THE TASK:
Please give every line below again exactly, but not its pictures.

[Start of section]

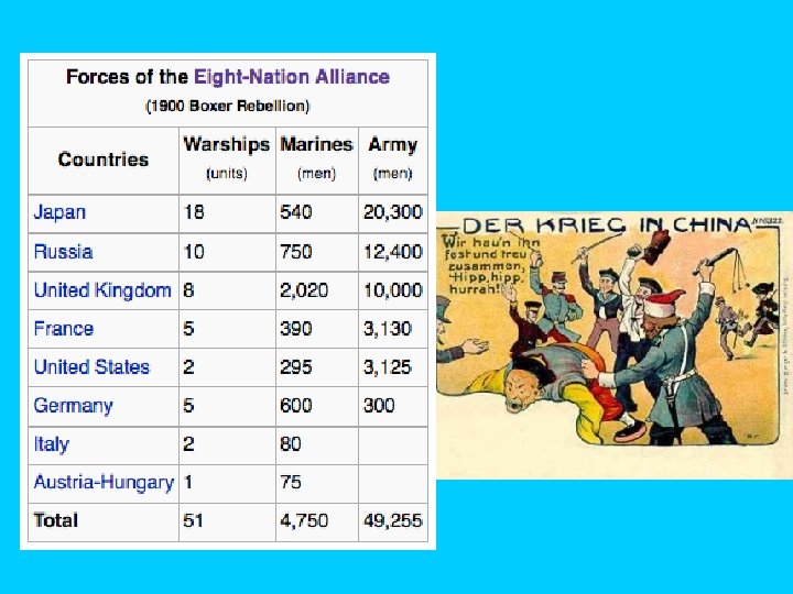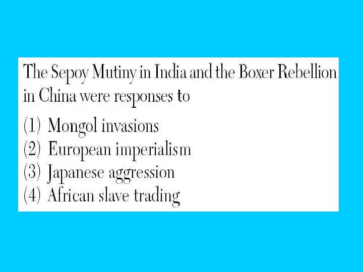 The Boxer Rebellion • Many Chinese resented the western influence in China which led to the Boxer Rebellion to, “drive out the foreign devils”. • The Boxers attacked foreigners across China. • As a result, the West and Japan organized a force to rescue foreigners in Beijing • They were defeated by the European powers, the U. S. and Japan.
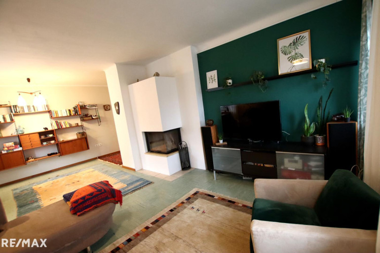Im Erdgeschoß finden sich das lichtdurchflutete Esszimmer und die offen gestaltete Küche, das daneben befindliche, behagliche Wohnzimmer mitsamt Kamin, sowie ein derzeit als Schrankraum bzw. Büro genutztes kleineres Zimmer und ein WC.
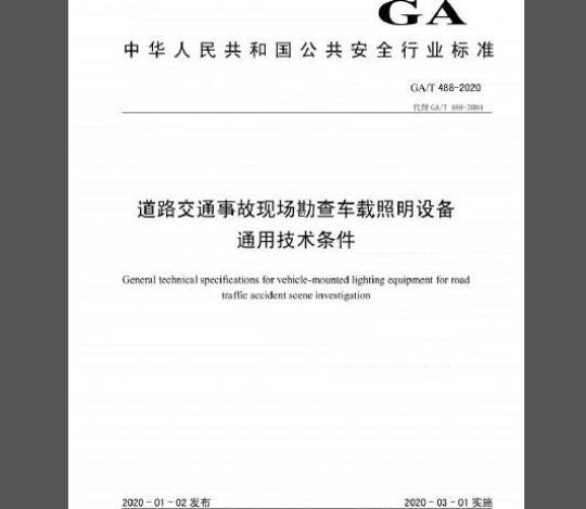 英文名称:General technical specifications for vehicle-mounted lighting equipment for road traffic accident scene investigation
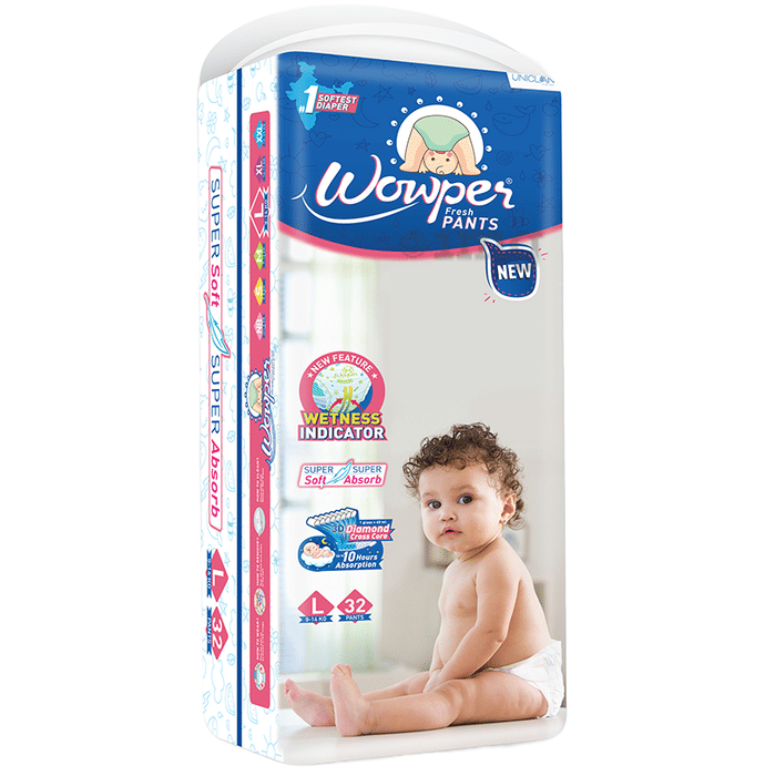 Wowper Fresh Pants New Large (32 Pieces Each) are the only pant style diaper in India with new airflow material providing your baby a fresh night. Keep your baby feeling dry and comfortable with this lightweight diaper. It has 360 degrees super soft and super absorbent and stretchable waist band. It prevents leakage the whole night till morning.
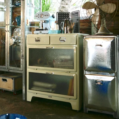 アメリカンテイストが魅力的で、腰高サイズが使いやすいDULTONの複合キャビネットです。ドローワー2杯とガラス付き下開き扉2段というユニークな組み合わせが特徴で…
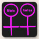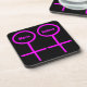 Este fantástico posavasos de corcho está diseñado para lesbianas. Cuenta con dos símbolos femeninos rosas uno al lado del otro. El fondo es negro y hay texto rosa personalizable dentro de cada uno de los símbolos para poner nombres.
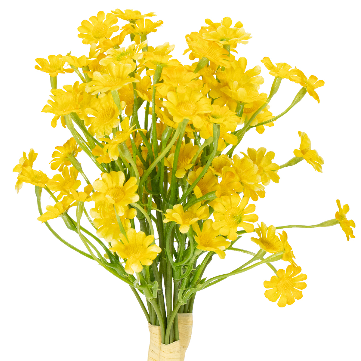 Die künstliche Kamille in leuchtenden Gelbtönen bringt genau die freundliche, warme Ausstrahlung, die jeder Raum gebrauchen kann. Ihre zierlichen Blüten wirken erstaunlich lebendig, während die stabilen Stiele eine beeindruckende Authentizität vermitteln. Mit einer Höhe von 28 cm fügt sich der Blumenbund harmonisch in verschiedene Gefäße ein – ob in schlichten Vasen für einen modernen Look oder in rustikalen Töpfen für den Landhausstil.

[End of section]

ANSWER TO THIS EXERCISE:
 The Boxer Rebellion • Many Chinese resented the western influence in China which led to the Boxer Rebellion to, “drive out the foreign devils”. • The Boxers attacked foreigners across China. • As a result, the West and Japan organized a force to rescue foreigners in Beijing • They were defeated by the European powers, the U. S. and Japan.
Im Erdgeschoß finden sich das lichtdurchflutete Esszimmer und die offen gestaltete Küche, das daneben befindliche, behagliche Wohnzimmer mitsamt Kamin, sowie ein derzeit als Schrankraum bzw. Büro genutztes kleineres Zimmer und ein WC.
 英文名称:General technical specifications for vehicle-mounted lighting equipment for road traffic accident scene investigation
 Wowper Fresh Pants New Large (32 Pieces Each) are the only pant style diaper in India with new airflow material providing your baby a fresh night. Keep your baby feeling dry and comfortable with this lightweight diaper. It has 360 degrees super soft and super absorbent and stretchable waist band. It prevents leakage the whole night till morning.
 アメリカンテイストが魅力的で、腰高サイズが使いやすいDULTONの複合キャビネットです。ドローワー2杯とガラス付き下開き扉2段というユニークな組み合わせが特徴で…
 Este fantástico posavasos de corcho está diseñado para lesbianas. Cuenta con dos símbolos femeninos rosas uno al lado del otro. El fondo es negro y hay texto rosa personalizable dentro de cada uno de los símbolos para poner nombres.
 Die künstliche Kamille in leuchtenden Gelbtönen bringt genau die freundliche, warme Ausstrahlung, die jeder Raum gebrauchen kann. Ihre zierlichen Blüten wirken erstaunlich lebendig, während die stabilen Stiele eine beeindruckende Authentizität vermitteln. Mit einer Höhe von 28 cm fügt sich der Blumenbund harmonisch in verschiedene Gefäße ein – ob in schlichten Vasen für einen modernen Look oder in rustikalen Töpfen für den Landhausstil.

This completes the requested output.